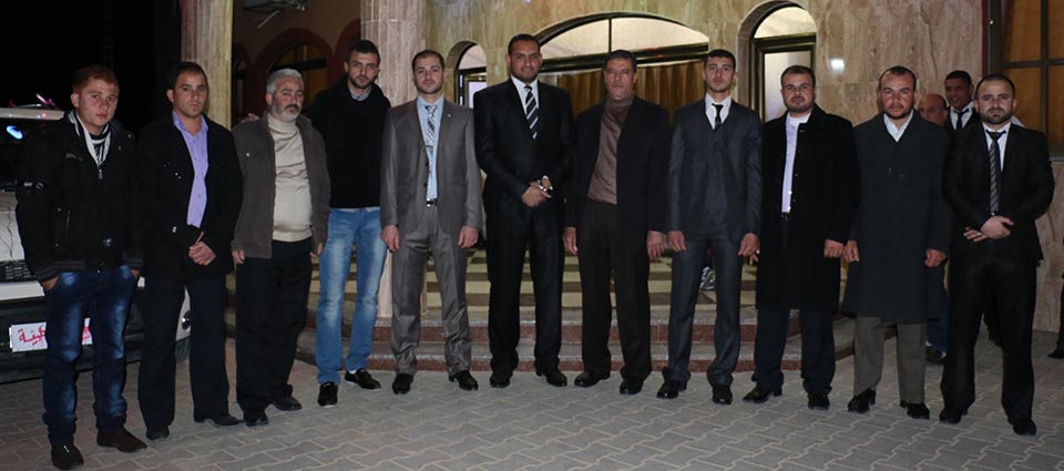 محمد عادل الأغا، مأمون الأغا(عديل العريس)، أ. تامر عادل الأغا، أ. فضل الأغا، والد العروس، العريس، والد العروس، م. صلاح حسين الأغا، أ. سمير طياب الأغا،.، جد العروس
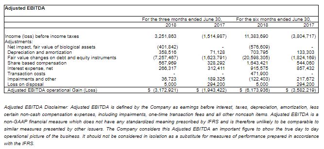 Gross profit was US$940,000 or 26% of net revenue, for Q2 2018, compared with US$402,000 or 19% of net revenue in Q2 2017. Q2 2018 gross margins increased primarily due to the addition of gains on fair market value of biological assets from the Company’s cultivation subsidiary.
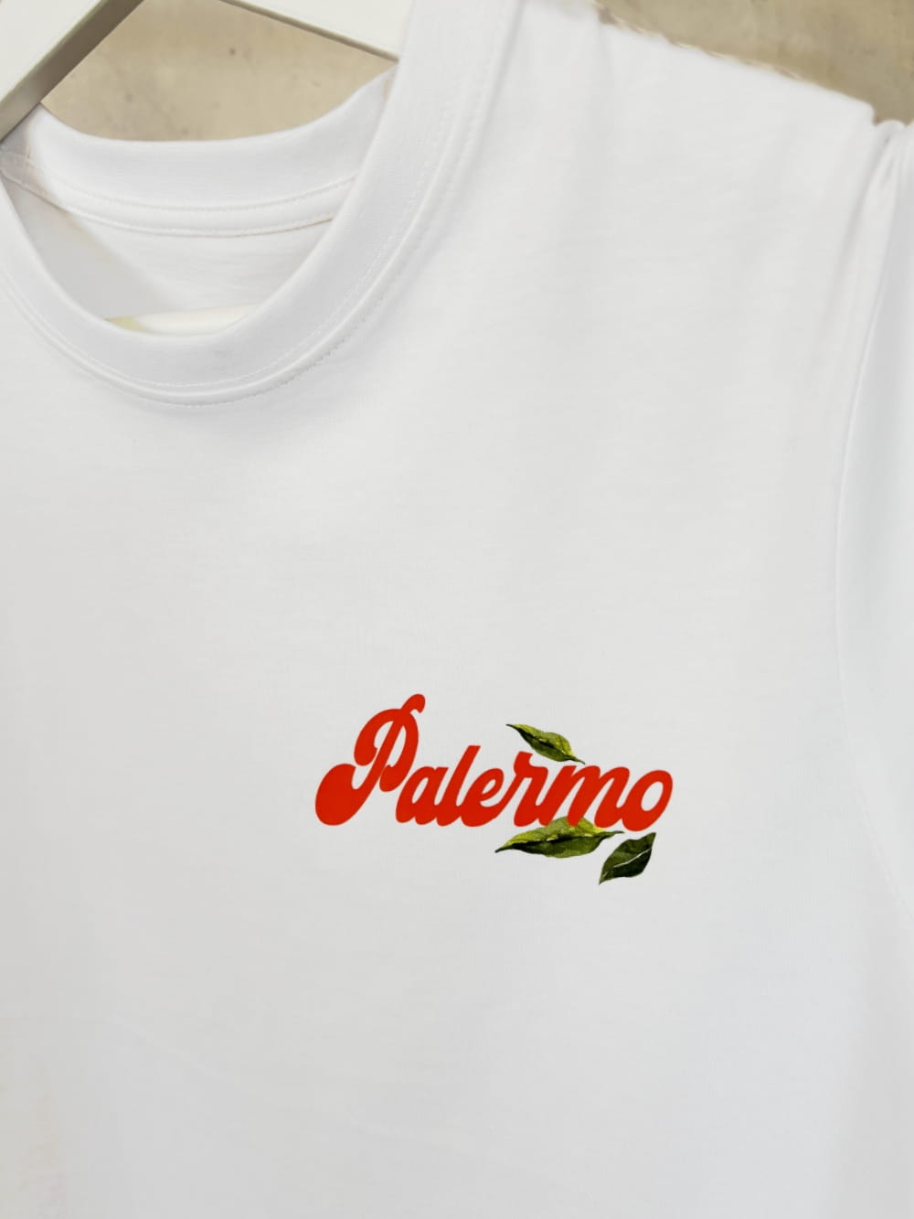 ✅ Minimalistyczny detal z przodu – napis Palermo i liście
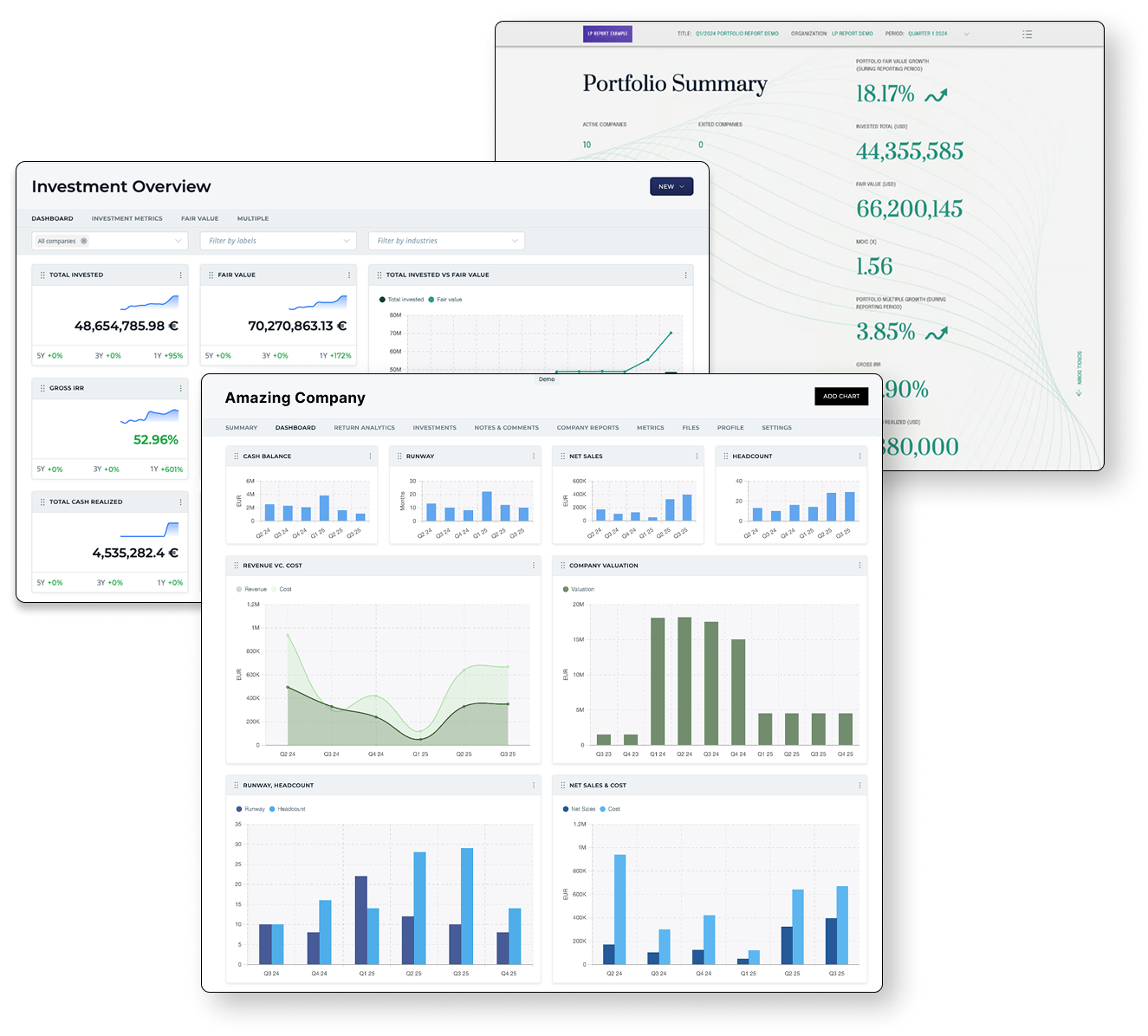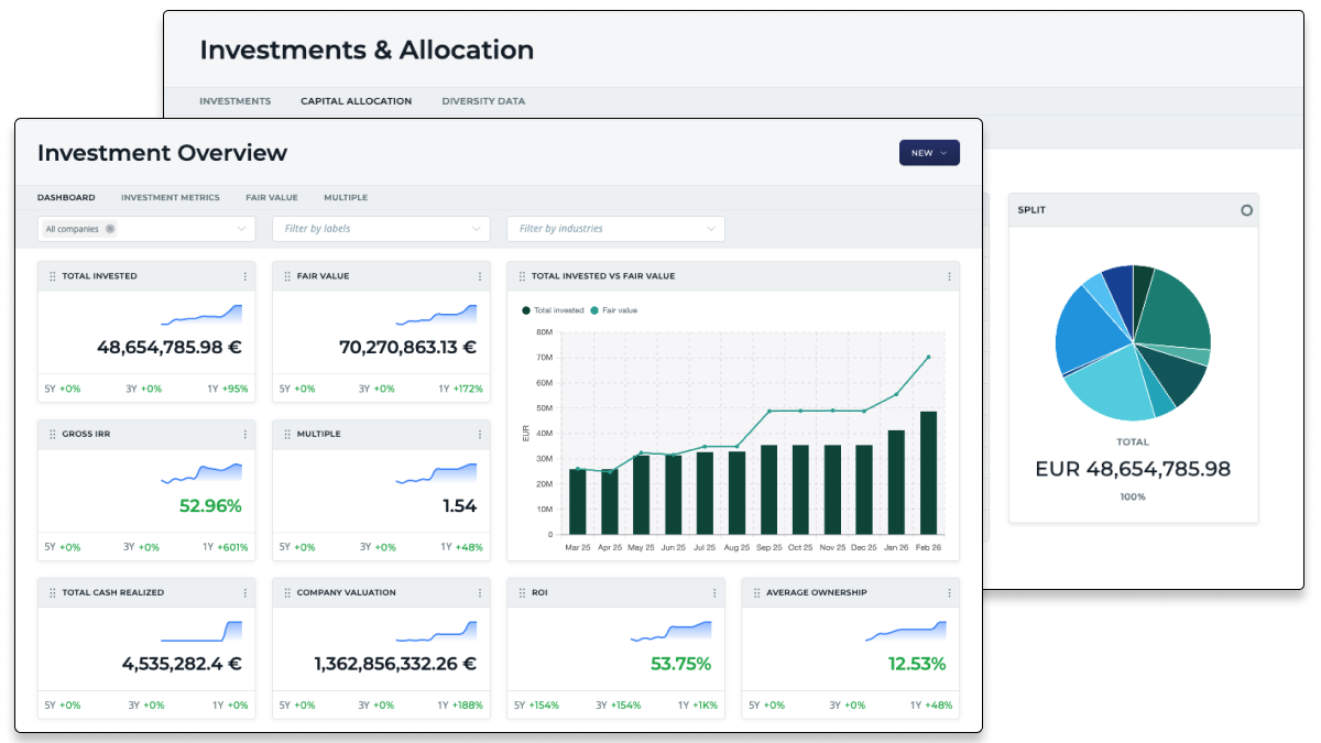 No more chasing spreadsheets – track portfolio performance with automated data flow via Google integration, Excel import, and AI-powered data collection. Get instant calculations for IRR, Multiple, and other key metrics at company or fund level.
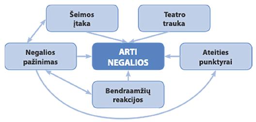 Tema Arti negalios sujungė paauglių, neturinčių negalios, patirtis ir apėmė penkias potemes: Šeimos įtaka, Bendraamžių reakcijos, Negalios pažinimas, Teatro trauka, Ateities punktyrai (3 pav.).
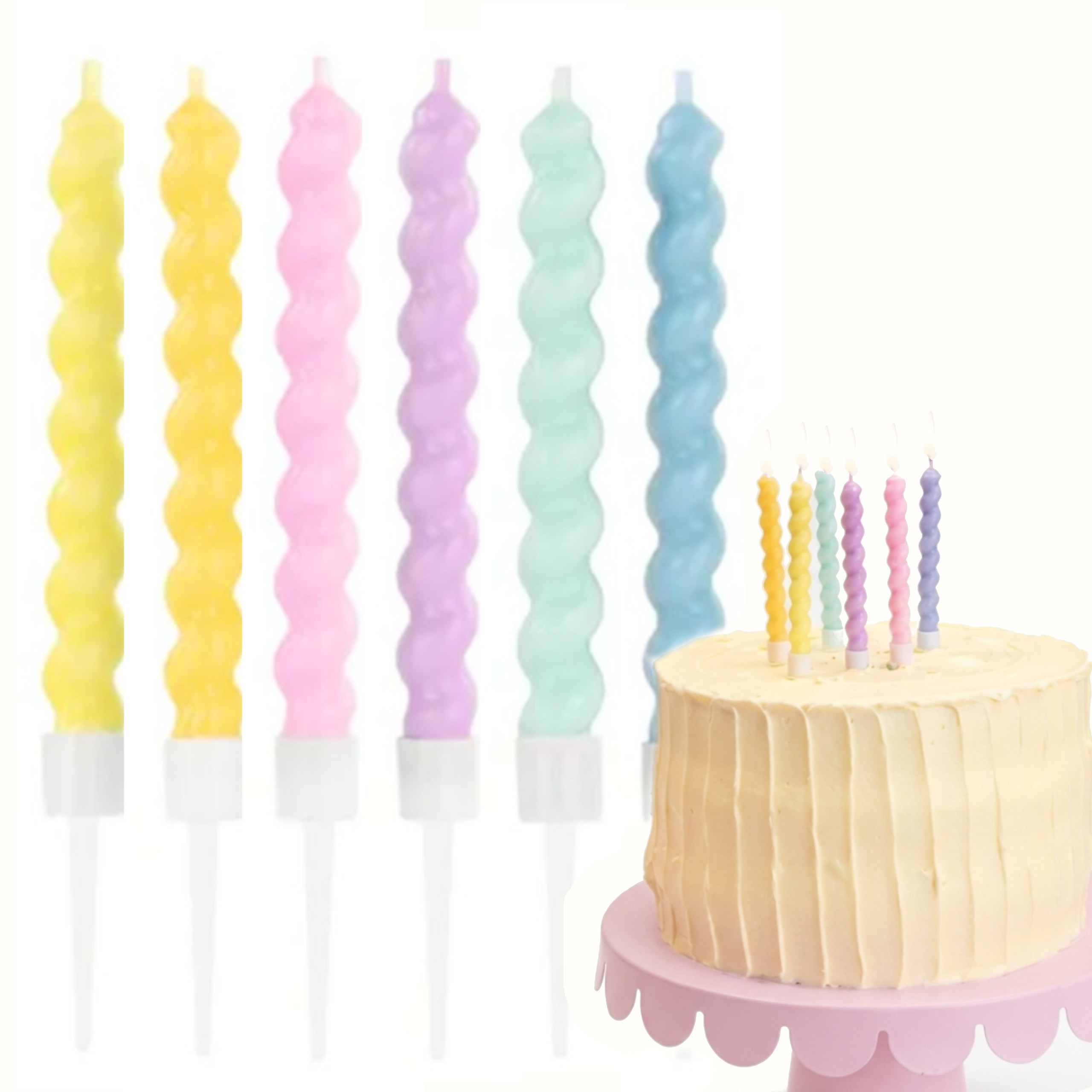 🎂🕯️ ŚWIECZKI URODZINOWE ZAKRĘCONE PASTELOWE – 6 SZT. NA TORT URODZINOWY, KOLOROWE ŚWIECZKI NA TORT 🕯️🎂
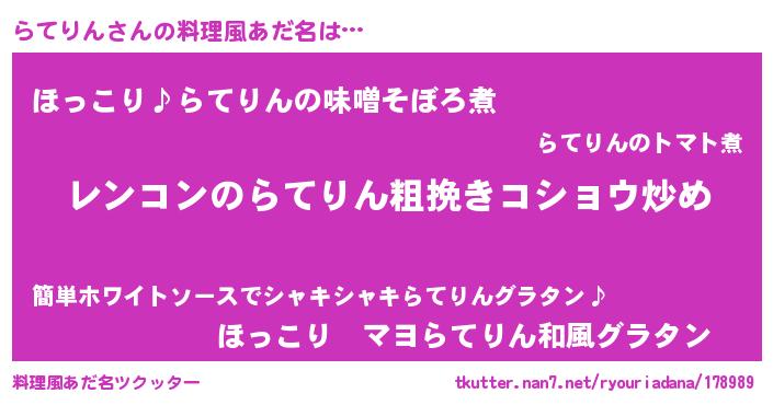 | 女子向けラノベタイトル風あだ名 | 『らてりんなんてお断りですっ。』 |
------------------------------------------------------------
TASK: Without the pictures, write out all of the material exactly.

EXERCISE RESPONSE:
 محمد عادل الأغا، مأمون الأغا(عديل العريس)، أ. تامر عادل الأغا، أ. فضل الأغا، والد العروس، العريس، والد العروس، م. صلاح حسين الأغا، أ. سمير طياب الأغا،.، جد العروس
 Gross profit was US$940,000 or 26% of net revenue, for Q2 2018, compared with US$402,000 or 19% of net revenue in Q2 2017. Q2 2018 gross margins increased primarily due to the addition of gains on fair market value of biological assets from the Company’s cultivation subsidiary.
 ✅ Minimalistyczny detal z przodu – napis Palermo i liście
 No more chasing spreadsheets – track portfolio performance with automated data flow via Google integration, Excel import, and AI-powered data collection. Get instant calculations for IRR, Multiple, and other key metrics at company or fund level.
 Tema Arti negalios sujungė paauglių, neturinčių negalios, patirtis ir apėmė penkias potemes: Šeimos įtaka, Bendraamžių reakcijos, Negalios pažinimas, Teatro trauka, Ateities punktyrai (3 pav.).
 🎂🕯️ ŚWIECZKI URODZINOWE ZAKRĘCONE PASTELOWE – 6 SZT. NA TORT URODZINOWY, KOLOROWE ŚWIECZKI NA TORT 🕯️🎂
 | 女子向けラノベタイトル風あだ名 | 『らてりんなんてお断りですっ。』 |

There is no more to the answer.